The trial court denied Shatterproof’s motions. The court concluded that discovery of a relatively few defective panels did not require a finding that plaintiffs should have discovered the extensive nature of the panel failures prior to July 15, 1977. The evidence indicated that it was not alarming to discover a small percentage of panels with seal failures. Further, Shatterproof’s representatives had advised Murray that one of the means of discovering defective panels — dew-point testing — was costly and unreliable and that there was no way to find out if the windows were defective. Based on this evidence, we are satisfied that the trial court did not err in denying Shatterproof’s motions.

D. Conditions of Warranty

Shatterproof contends that plaintiffs failed to establish that they complied with conditions of the warranty that glazing instructions be followed and that the panels be glazed by materials which “completely repel water for the life of the warranty.” Shatterproof asserts that noncompliance with these conditions was established by evidence that the system leaked during every rain for at least nine months during installation of the panels.

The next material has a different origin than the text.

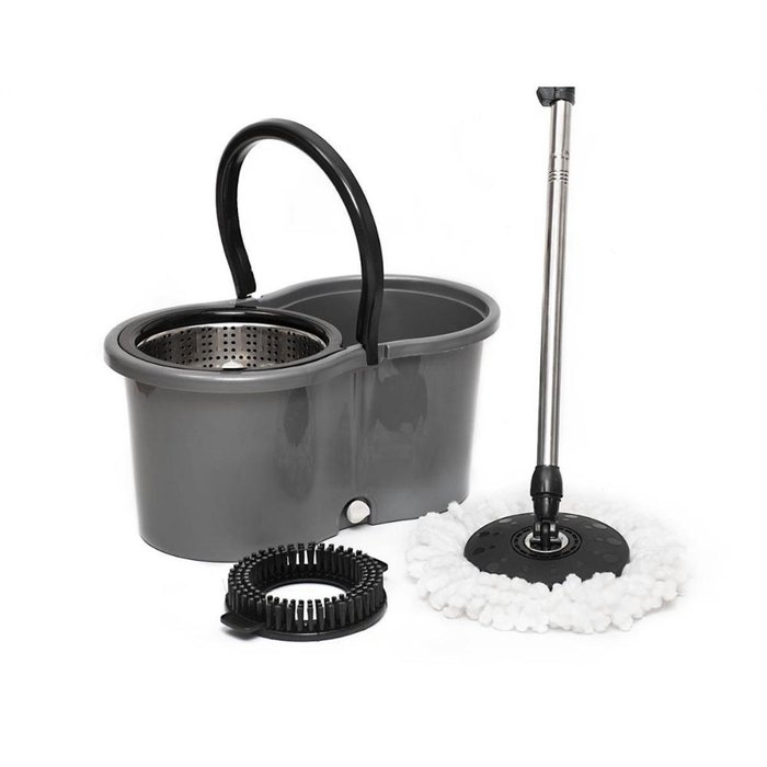 Mop Balde em Casa Tem Cesto em Inox 9l com 2 Refis Cinza escuro

Murray’s general manager frequently observed the glazing process and testified that it was performed in accordance with the glazing instructions. Since the system might leak even if the glazing instructions were followed and water repelling materials were used, the jury could have properly found that plaintiffs satisfied these conditions of the warranty.

E. Subsequent Remedial Measures Instruction

Plaintiffs introduced evidence that in 1978 Shatterproof began manufacturing panels which are held together with different materials and by a different method than that used in the panels originally installed in Citadel’s office building. The introduction of this evidence was not objected to, but Shatterproof did object to the following instruction:

If you find that Shatterproof took measures which, if taken previously, would have made the problems in Shatterproof’s insulating glass less likely to occur, then that evidence may be considered in determining whether Shatterproof’s insulating glass was defective within the meaning of Shatterproof’s expressed warranty.

Shatterproof’s objection to the above subsequent remedial measures instruction was based upon FED.R.EVID. 407. We have previously determined that Rule 407 does not bar the admission of subsequent remedial measures evidence in actions based on strict liability “since Rule 407 is, by its terms, confined to cases involving negligence or other culpable conduct.” Robbins v. Farmers Union Grain Terminal Association, 552 F.2d 788, 793 (8th Cir.1977). See DeLuryea v. Winthrop Laboratories, 697 F.2d 222, 228-29 (8th Cir.1983); Unterburger v. Snow Co., 630 F.2d 599, 603 (8th Cir.1980); Farner v. Paccar, Inc., 562 F.2d 518, 528 (8th Cir. 1977).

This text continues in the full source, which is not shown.